Музыка утешала мальчика даже больше, чем чтение единственной книжки, которая у него была. Аккордеон доставлял слепому всегда новые радости, в то время как книжку он знал уже наизусть. Вот если бы он мог прочесть много других книг и узнать о жизни зрячих людей! Но старуха сказала, что книжки стоят дорого и есть вещи гораздо более необходимые. «Должно быть, телячьи мозги!» — подумал мальчике горечью, но без злобы.
Мальчик мечтал о путешествии, не понимая, что это такое, хотя слышал: путешествовать отправляются в поезде. Мысль о том, что можно передвигаться по свету не только идя с вытянутыми вперёд руками или держась за чей-нибудь локоть, а ещё как-то иначе, приводила слепого в восторг.

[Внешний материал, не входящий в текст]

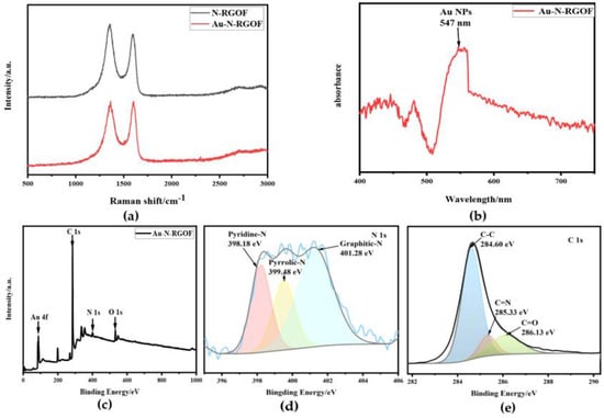 Raman spectra of N-RGOF, UV–Vis absorption spectra of Au-N-RGOF and Au-N-RGOF and XPS spectrum of Au-N-RGOF: (a) Raman spectra of N-RGOF and Au-N-RGOF; (b) UV–Visible absorption spectra of Au-N-RGOF; (c) XPS total spectra of Au-N-RGOF; (d) the corresponding high-resolution N 1s peak; (e) the corresponding high-resolution C 1s peak.

Но каждый раз, когда Орландо принимался мечтать, его охватывало одно желание, огромное, непреодолимое: никакими усилиями его невозможно было прогнать от себя — желание побывать на море. Он даже сам себе не мог объяснить, откуда взялось это желание. Возможно, слепому очень хотелось побывать на море потому, что его он никак не мог себе вообразить, и ни один предмет из тех, которые он осязал, не мог дать ему представления о море. Континент — это не что иное, как масса земли и камней, подобно тому, что он ощущал у себя под ногами; небо — это миллионы вдохов, а какое же море! Вот если бы почувствовать, как оно пахнет, услышать, какие звуки оно издаёт! Орландо давно мечтал побывать на море; он стыдился своего желания, словно оно было каким-то глупым и недозволенным. Однако желание было очень велико, и порой, когда оно овладевало мальчиком, то заставляло его сильно страдать.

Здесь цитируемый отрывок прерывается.